The next step is to actually add the functionality to the backend, i.e., embedding the search term, finding the most similar papers and then returning their details. I realised pretty quickly that I currently don't store a bunch of the information that I want to display on the page (such as the actual text of the abstract, the paper title, publication date, authors etc). I have two options; download, store and then serve this information myself, or hook into the arxiv API to fetch it. I'm thinking that at least in the short term, hooking into the arxiv API is going to be the simplest solution (and might even be the best choice in the long term).

Querying the arxiv api turned out to be very straightforward (I don't know why I struggled so much with it earlier). I wrote a few simple functions to facilitate what I need to do for now. I expect I might need to add a bit more sophistication in the future, so I left some space for that.

from dataclasses import dataclass
from typing import List, Dict, Any
from urllib.parse import urlencode
import feedparser
from html2text import html2text

@dataclass
class ArxivPaper:

    title: str
    authors: List[str]
    publish_date: str
    abstract: str

    def to_dict(self) -> Dict[str, Any]:

        return {
            "title": self.title,
            "authorList": ", ".join(self.authors),
            "publicationDate": self.publish_date,
            "abstract": self.abstract
        }


ARXIV_API_URL = "http://export.arxiv.org/api/query"

def get_formatted_arxiv_api_url(
        search_query: str = None,
        id_list: List[str] = None,
        start: int = None,
        max_results: int = None
):
    query_params = {}
    if search_query is not None:
        query_params['search_query'] = search_query
    if id_list is not None:
        query_params['id_list'] = ','.join(map(str,id_list))
    if start is not None:
        query_params['start'] = start
    if max_results is not None:
        query_params['max_results'] = max_results

    return f"{ARXIV_API_URL}?{urlencode(query_params)}"
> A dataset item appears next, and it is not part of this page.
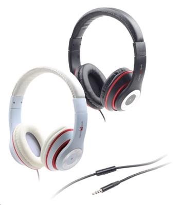 Stereo sluchátka s mikrofonem na kabelu Praktická in-line ovládání pro hlasitost, ztlumení a mikrofon Velké pohodlné náušníky Komfortní, nastavitelná velikost Připojení: jack 2 in 1 - 3,5mm černá barva |

def fetch_arxiv_papers(id_list: List[str]) -> List[ArxivPaper]:

    url = get_formatted_arxiv_api_url(id_list=id_list)

    paper_details = feedparser.parse(url)['entries']

    arxiv_papers = [
        ArxivPaper(
        title=paper['title'],
        abstract=html2text(paper['summary']),
        publish_date=paper['published'],
        authors=[author['name'] for author in paper['authors']]
        )
        for paper in paper_details
    ]

    return arxiv_papers

Then I could replace my dummy papers route to actually have the functionality I need from my earlier work embedding papers;

@app.route('/get_closest_papers', methods=['POST'])
def get_closest_papers():

    if not request.method == "POST":
        return ""

    request_data = request.get_json()

    search_term = request_data['search_term']

    embedding = embed_abstract(search_term).squeeze()
    paper_ids = get_closest_papers_to_embedding(embedding)

    arxiv_papers = fetch_arxiv_papers(paper_ids)

    return [paper.to_dict() for paper in arxiv_papers]

and update the frontend component to make the proper POST request

function SearchField({ setPapersInView }) {

  const fetchPapersForSearchTerm = async () => {
    let searchBox = document.getElementById("searchBox");
    let searchTerm = searchBox.value;

    let postBody = {
      "search_term": searchTerm
    }

    fetch(
      "/get_closest_papers",
      {
        method: "POST",
        headers: {'Content-Type': 'application/json'}, 
        body: JSON.stringify(postBody)
      }
    )
    .then( (resp) => {
      return resp.json()
    })
    .then((papers) => {
      setPapersInView(papers)
    })

  }

  return (
    <>
    <input id="searchBox" type="text" />
    <button onClick={fetchPapersForSearchTerm} >Search</button>
    </>
  )
}

and everything works, or at least functionally. It's not the prettiest, and isn't reactive at all, but those are problems for the future.

In the next post, I want to add some more features. Top of my list is a "show me similar papers" feature, but I may also start working on the paper favouriting feature. I also want to do a bit of repo maintenance, setting up stylecheckers and linters, and writing docstrings, before that job becomes unmanageable.